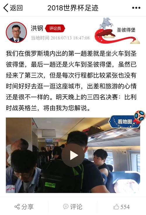 央视评论员洪钢在乘坐火车到圣彼得堡的时候拍摄了一条视频,在俄罗斯的第一次旅程就是乘坐火车,最后一次也一样。
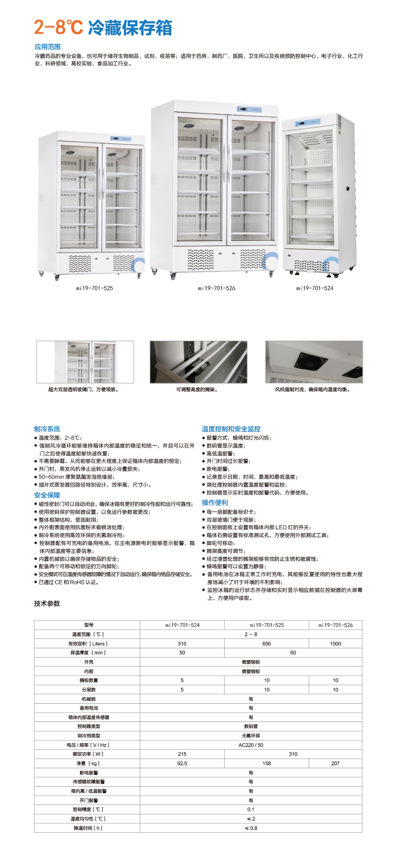 K02647 mi19-701-525 2~8℃ 1100×454×1325mm 656L 喷塑钢板 喷塑钢板 数码管 无氟环保 AC220 / 50 0.1 ≤ 2 ≤ 0.8 24990.00
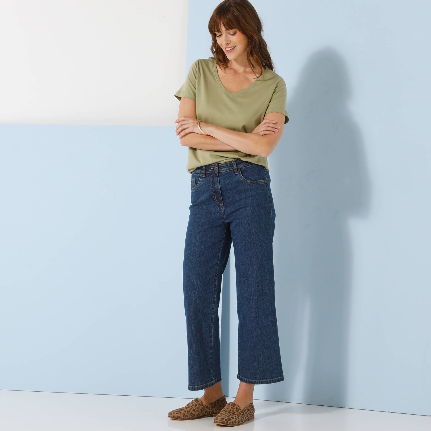 Ця монохромна футболка з макраме вигідно підкреслить вашу літню засмагу. Повітряний трикотаж. Злегка закруглений V-подібний виріз горловини. Спущені плечі. Спереду та ззаду вставки з макраме. Прозора спинка. Прямий поділ. Можна прати у пральній машині.
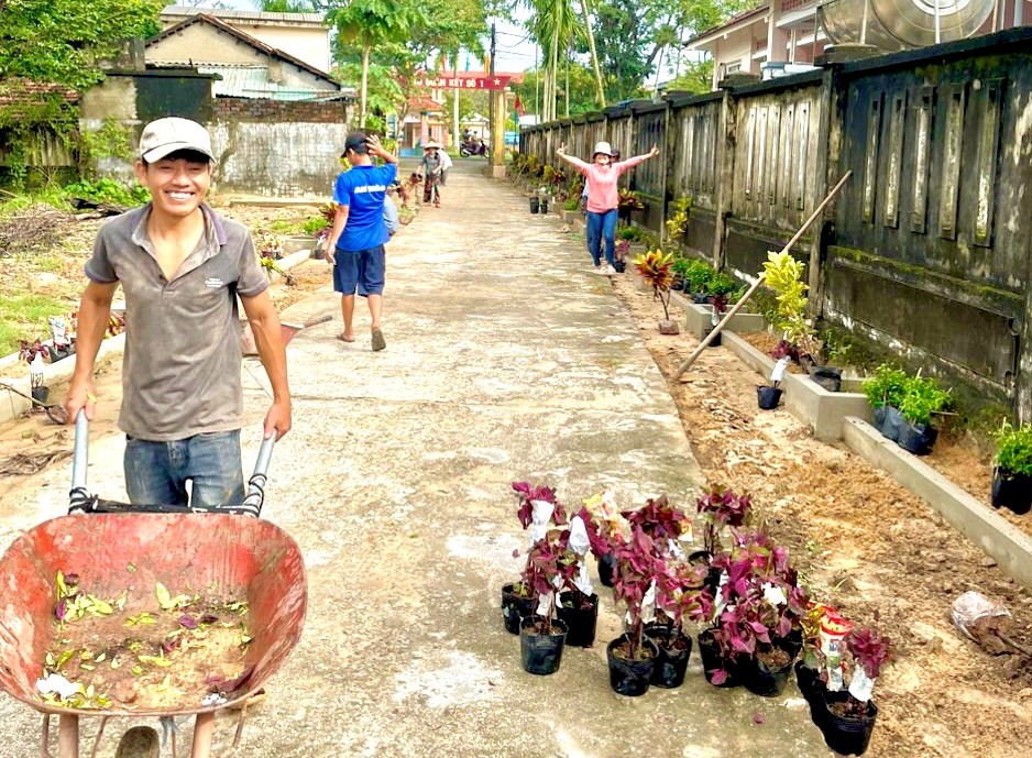 Nhân dân tham gia trồng những tuyến đường hoa chào Ngày hội
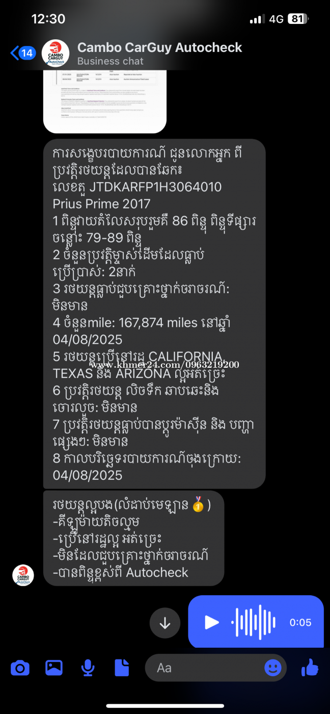 💢 រូបភាពបេីកទូរថយន្ត Prius PRIME 2017 ថ្មីសាហាវ ប្រភេទលំដាប់មេឡាន ស្អាត អត់ច្រេះ អត់ស្ងោរប្តូរពណ៌ អត់កាត់ត 💢 ⚠️ យេីងខ្ញុំមានប្រវត្ត និងរូបនៅអាមេរិកច្បាស់លាស់ ហេីយ ភិនភាគរថយន្តស្អាតខ្លាំងជាមួយតម្លៃពិសេស 📌 ព័ត៌មានលម្អិតនៃរថយន្ត TOYOTA Prius PRIME ឆ្នាំ 2017 ពណ៌ស កាម៉ៃ៖ - ម៉ូឌែល: TOYOTA Prius PRIME - អប់សិន Option: Premium - ឆ្នាំផលិត: 2017 - ពណ៌ៈ ស កាម៉ៃ - តម្លៃ: $30,700 - លក្ខណៈទំនេីបរបស់រថយន្ត៖ > កម្រិតស៊ីសាំង: 100 គីឡូម៉ែត្រ ស៊ី 3.5 លីត្រ ទៅ 4 លីត្រ > សាកថ្មមួយពេញប្រេីពេល 2ម៉ោងកន្លះទៅ3ម៉ោង ហេីយជិះបាន 35 គីឡូម៉ែត្រ > ប្រព័ន្ធសាកថ្មទូរស័ព្ទដោយអត់ប្រេីខ្សែរ (Wireless Charge) > អេក្រង់កំសាន្តធំ ទំហំ 11.6 អ៉ីង > ប្រព័ន្ធចាប់ហ្វ្រាំងអូតូ (Brake Assist) > ប្រព័ន្ធទម្លាក់ភ្លេីងដោយស្វ័យប្រវត្តិ (Auto High Beam) > ប្រព័ន្ធរក្សារគន្លងផ្លូវ (Lane Keeping Assist LKA) > ប្រព័ន្ធផ្តល់សញ្ញាពេលងាកចេញពីគន្លងផ្លូវ (Lane Departure Warning) > ប្រព័ន្ធរក្សារគម្លាតពីឡានខាងមុខ (Adaptive Cruise Control) > បញ្ជាបញ្ឆេះម៉ាស៊ីនត្រជាក់ពីចម្ងាយ ⚙️ ធានាម៉ាស៊ីន ប្រអប់លេខ អាគុយហាយប្រីត ABS និង ប្រព័ន្ធភ្លេីង រយៈពេល 30 ថ្ងៃ 🏠 អាស័យដ្ឋានឃ្លាំង: ផ្ទះលេខ75F ខ័ណ្ឌឬស្សីកែវ រាជធានីភ្នំពេញ 📱 លេខទូរស័ព្ទទំនាក់ទំនងៈ 0963219xxxClick To Call / 0966515xxxClick To Call
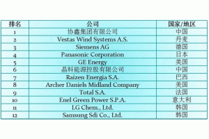 全球新能源企業(yè)500強(qiáng)發(fā)布 中國企業(yè)數(shù)下滑但規(guī)模增長

**What you will do**
Starting with the line that contains "0966515xxxClick To Call", reproduce every line down to the end of the listing above, both endpoints included. Pictures stay out.

**Response to the exercise**
 💢 រូបភាពបេីកទូរថយន្ត Prius PRIME 2017 ថ្មីសាហាវ ប្រភេទលំដាប់មេឡាន ស្អាត អត់ច្រេះ អត់ស្ងោរប្តូរពណ៌ អត់កាត់ត 💢 ⚠️ យេីងខ្ញុំមានប្រវត្ត និងរូបនៅអាមេរិកច្បាស់លាស់ ហេីយ ភិនភាគរថយន្តស្អាតខ្លាំងជាមួយតម្លៃពិសេស 📌 ព័ត៌មានលម្អិតនៃរថយន្ត TOYOTA Prius PRIME ឆ្នាំ 2017 ពណ៌ស កាម៉ៃ៖ - ម៉ូឌែល: TOYOTA Prius PRIME - អប់សិន Option: Premium - ឆ្នាំផលិត: 2017 - ពណ៌ៈ ស កាម៉ៃ - តម្លៃ: $30,700 - លក្ខណៈទំនេីបរបស់រថយន្ត៖ > កម្រិតស៊ីសាំង: 100 គីឡូម៉ែត្រ ស៊ី 3.5 លីត្រ ទៅ 4 លីត្រ > សាកថ្មមួយពេញប្រេីពេល 2ម៉ោងកន្លះទៅ3ម៉ោង ហេីយជិះបាន 35 គីឡូម៉ែត្រ > ប្រព័ន្ធសាកថ្មទូរស័ព្ទដោយអត់ប្រេីខ្សែរ (Wireless Charge) > អេក្រង់កំសាន្តធំ ទំហំ 11.6 អ៉ីង > ប្រព័ន្ធចាប់ហ្វ្រាំងអូតូ (Brake Assist) > ប្រព័ន្ធទម្លាក់ភ្លេីងដោយស្វ័យប្រវត្តិ (Auto High Beam) > ប្រព័ន្ធរក្សារគន្លងផ្លូវ (Lane Keeping Assist LKA) > ប្រព័ន្ធផ្តល់សញ្ញាពេលងាកចេញពីគន្លងផ្លូវ (Lane Departure Warning) > ប្រព័ន្ធរក្សារគម្លាតពីឡានខាងមុខ (Adaptive Cruise Control) > បញ្ជាបញ្ឆេះម៉ាស៊ីនត្រជាក់ពីចម្ងាយ ⚙️ ធានាម៉ាស៊ីន ប្រអប់លេខ អាគុយហាយប្រីត ABS និង ប្រព័ន្ធភ្លេីង រយៈពេល 30 ថ្ងៃ 🏠 អាស័យដ្ឋានឃ្លាំង: ផ្ទះលេខ75F ខ័ណ្ឌឬស្សីកែវ រាជធានីភ្នំពេញ 📱 លេខទូរស័ព្ទទំនាក់ទំនងៈ 0963219xxxClick To Call / 0966515xxxClick To Call
 全球新能源企業(yè)500強(qiáng)發(fā)布 中國企業(yè)數(shù)下滑但規(guī)模增長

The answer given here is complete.